[cpp-threads] Slightly revised memory model proposal (D2300)

Sun Jun 24 03:54:53 BST 2007

> -----Original Message-----
> From: Paul E. McKenney [mailto:paulmck at linux.vnet.ibm.com] 
> Sent: Friday, June 22, 2007 3:34 PM
> To: Boehm, Hans
> Cc: C++ threads standardisation; Sarita V Adve
> Subject: Re: [cpp-threads] Slightly revised memory model 
> proposal (D2300)
> 
> On Fri, Jun 22, 2007 at 08:38:51PM -0000, Boehm, Hans wrote:
> > > -----Original Message-----
> > > From:  Paul E. McKenney
> 
> [ . . . ]
> 
> > > >     An evaluation A that performs a release operation 
> on an object
> > > >     M synchronizes with an evaluation B that performs an acquire
> > > >     operation on M and reads either the value written 
> by A or, if
> > > >     the following (in modification order) sequence of 
> updates to M
> > > >     are atomic read-modify-write operations or ordered
> > > atomic stores,
> > > 
> > > Again, I believe that this should instead read "non-relaxed 
> > > read-modify-write operations" in order to allow some common 
> > > data-element initialization optimizations.
> >
> > Could you explain in a bit more detail?  It seems weird to 
> me that an 
> > intervening fetch_add_relaxed(0) would break "synchronizes with"
> > relationships, but fetch_add_acquire(0) would not.  Acq_rel and 
> > seq_cst inherently do not have this issue, but the others 
> all seem to 
> > me like they should be treated identically.
> 
> The proper analogy is between fetch_add_acquire() and 
> fetch_add_relaxed on the on hand and load_acquire() and 
> load_relaxed() on the other.
> In both cases, the _acquire() variant participates in 
> "synchronizes with"
> relationships, while the _relaxed() variant does not.
> 
> Looking at the argument to fetch_add_relaxed(), we have
> fetch_add_relaxed(0) breaking the "synchronizes with" 
> relationship, but then again, so would fetch_add_relaxed(1), 
> fetch_add_relaxed(2), and even fetch_add_relaxed(42).
> 
> Or am I missing something subtle here?
I think we're still misunderstanding each other.  The situation this is
addressing is roughly

T1			T2			T3
x.store_release(17);
			x.fetch_add_relaxed(1);
						x.load_acquire();

which we can think of as executing sequentially in that order.  Thus the
load_acquire sees a value of 18.  The question is whether the
store_release synchronizes with the load_acquire.  We agree that there
are no synchronizes with relationships involving the fetch_add (which
would change if the fetch_add were anything other than relaxed).

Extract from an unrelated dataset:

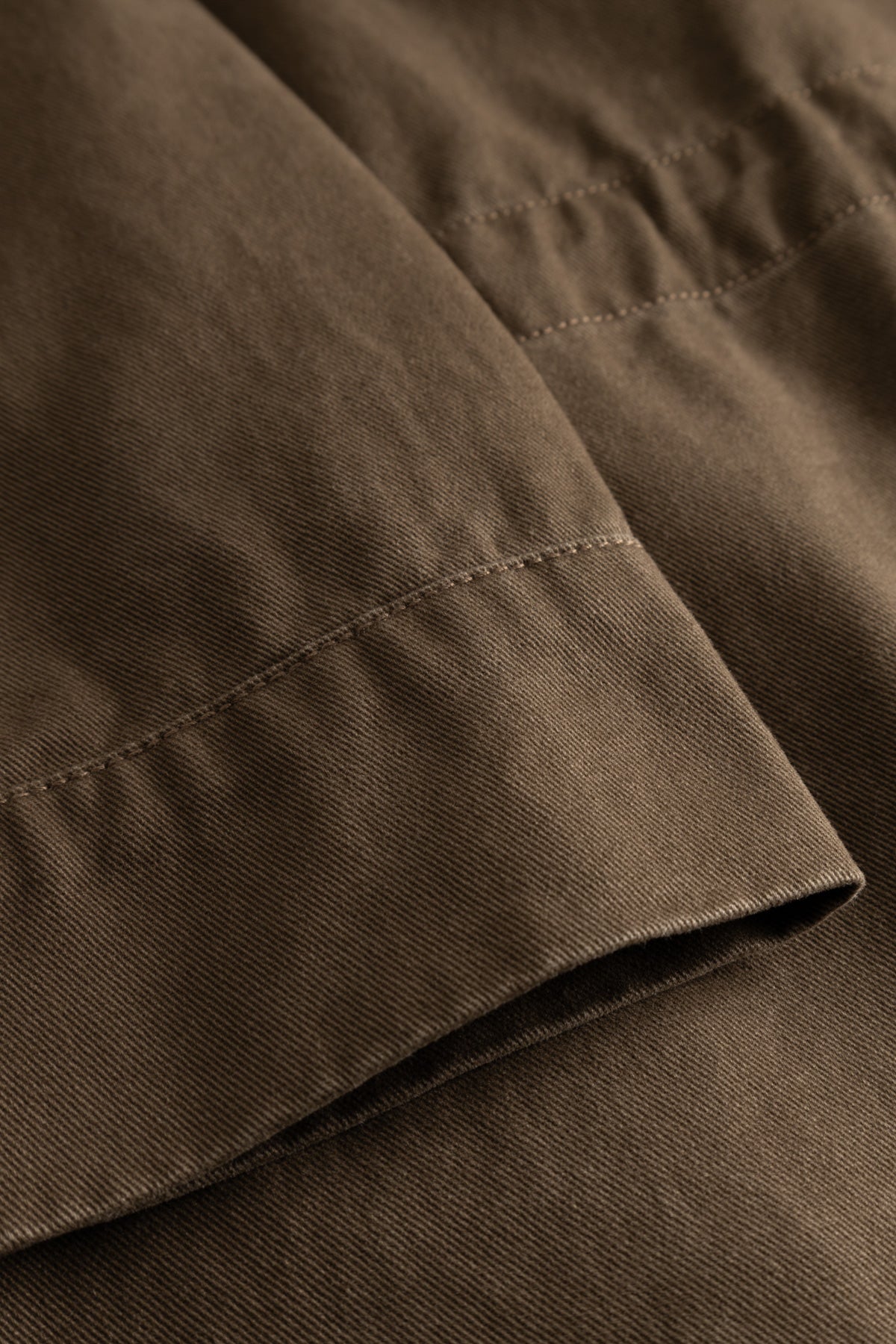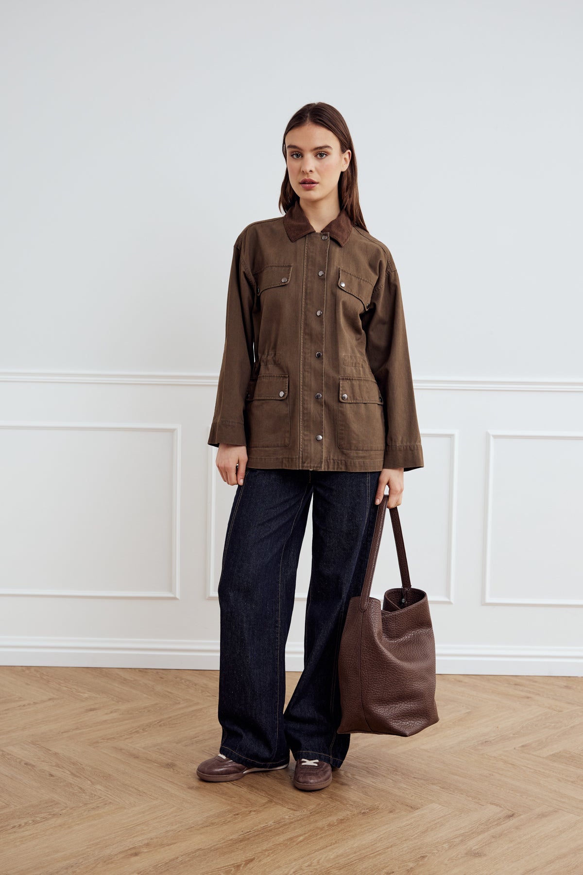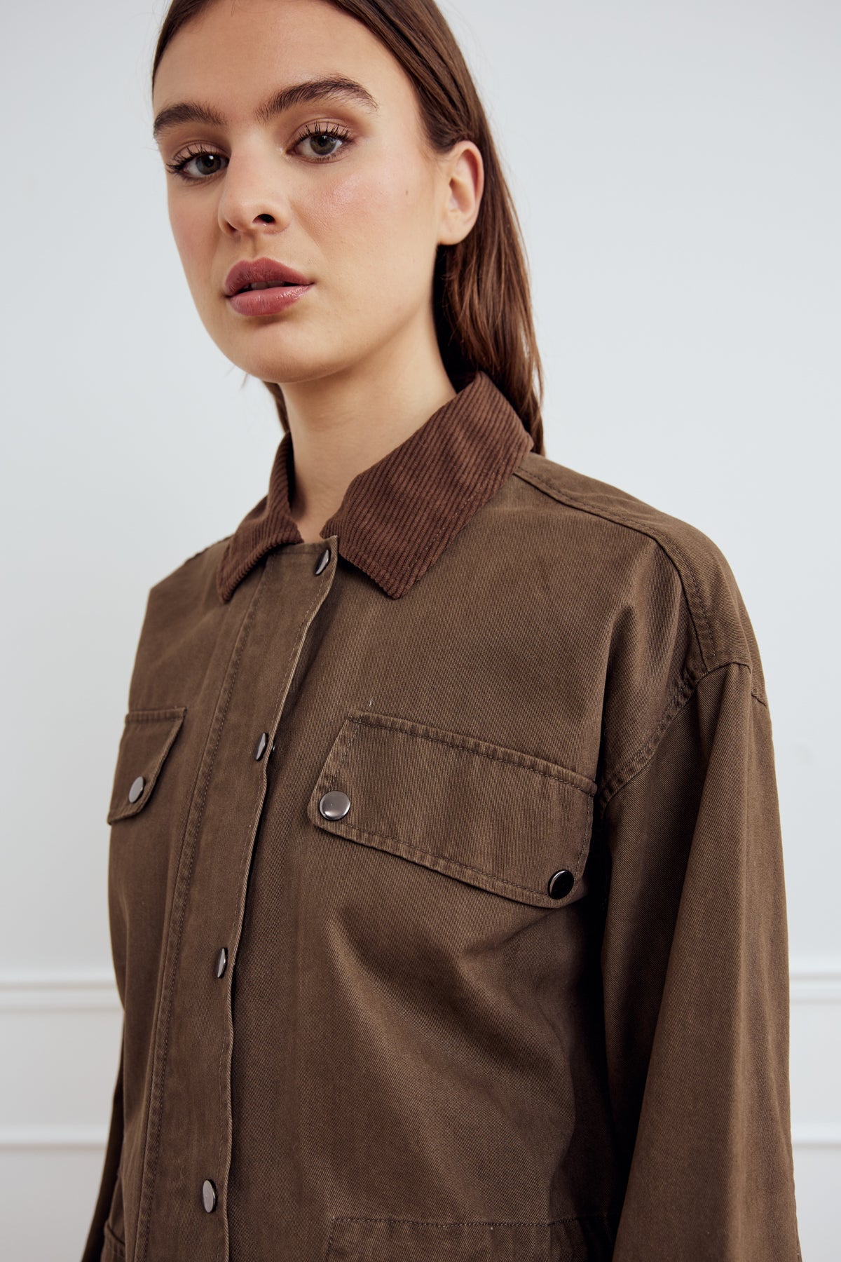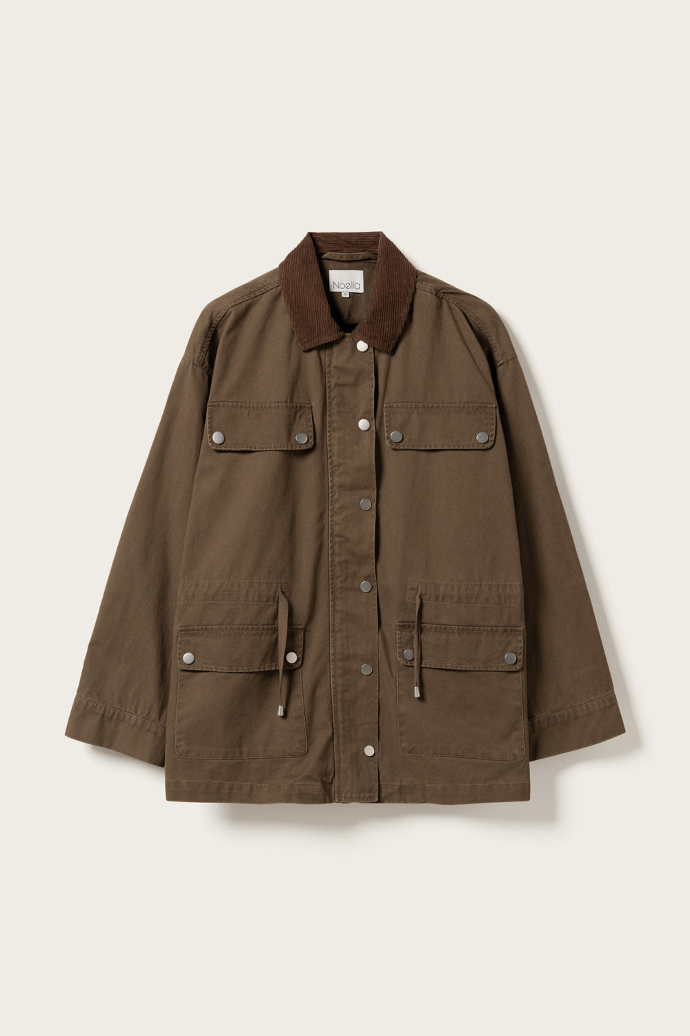 Klassiek jack van 100 katoen met knoopsluiting, vier zakken en een contrasterende kraag. Regular fit en true to size.

Was this also the scenario you were looking at?

If not, do you want to suggest clearer wording?

> > ...would like to aim for is:
> > 
> > - We vote the basic memory model text (N2300), possibly with some 
> > small changes, into the working paper in Toronto.  I suspect that's 
> > nearly required to have a chance at propagating the effects 
> into some 
> > of the library text by Kona.
> > 
> > - We agree on exactly what we want in terms of atomics and 
> fences in 
> > Toronto, so that it can be written up as formal standardese 
> ideally in 
> > the post-Toronto mailing.
> 
> I cannot deny that past discussions on this topic have at 
> times been spirited, but I must defer to Michael and Raul on 
> how best to move this through the process.
Clearly.  And I suspect there will be interesting discussions between
all of us in Toronto.
> > > On the "scalar" modifier used here, this means that we are not 
> > > proposing atomic access to arbitrary structures, for example, 
> > > atomic<struct foo>?
> > > (Fine by me, but need to know.)  However, we -are- requiring that 
> > > implementations provide atomic access to large scalars, 
> correct?  So 
> > > that a conforming 8-bit system would need to provide proper 
> > > semantics for "atomic<long long>"?  Not that there are 
> likely to be 
> > > many parallel 8-bit systems, to be sure, but same question for 
> > > 32-bit systems and both long long and double.  (Again, fine by me 
> > > either way, but need to know.)
> >
> > In my view, most of this discussion really belongs in the atomics 
> > proposal.  It should specify that if a read to an atomic object 
> > observes any of the effect of an atomic write to an object, then it 
> > observes all of it.  And that applies to objects beyond 
> scalars.  But 
> > it's just an added constraint beyond what is specified in 
> the memory model section.
> > 
> > Our atomics proposal still proposes to guarantee atomicity for 
> > atomic<T> for any T.  We just don't promise to do it in a lock-free 
> > manner.  Thus atomic<struct foo> does behave atomically 
> with respect to threads.
> 
> In that case, my question becomes "why is the qualifier 'scalar'
> required?".
The intent here is to decompose non-scalar reads into the constituent
scalar reads, and similarly for nonscalar assignments, in order to
determine what assignments can be seen where.  Otherwise we would have
to talk about which combination of field assignments a particular struct
read can see.  It just seems easier to define visibility on a
component-by-component basis.

Hans

> 
> > > Although the general thrust of 1.10p8 and 1.10p10 look OK to me, 
> > > more careful analysis will be required -- which won't 
> happen by your 
> > > deadline, sorry to say!
> >
> > Thanks for looking at this quickly.  If we need to make some more 
> > tweaks before Toronto, I think that's fine.
> > 
> > I think at the moment, the real constraint on getting this into the 
> > working paper is that we need to have more people reading it.
> 
> More eyes would indeed be a very good thing from my perspective.
> 
> 						Thanx, Paul
>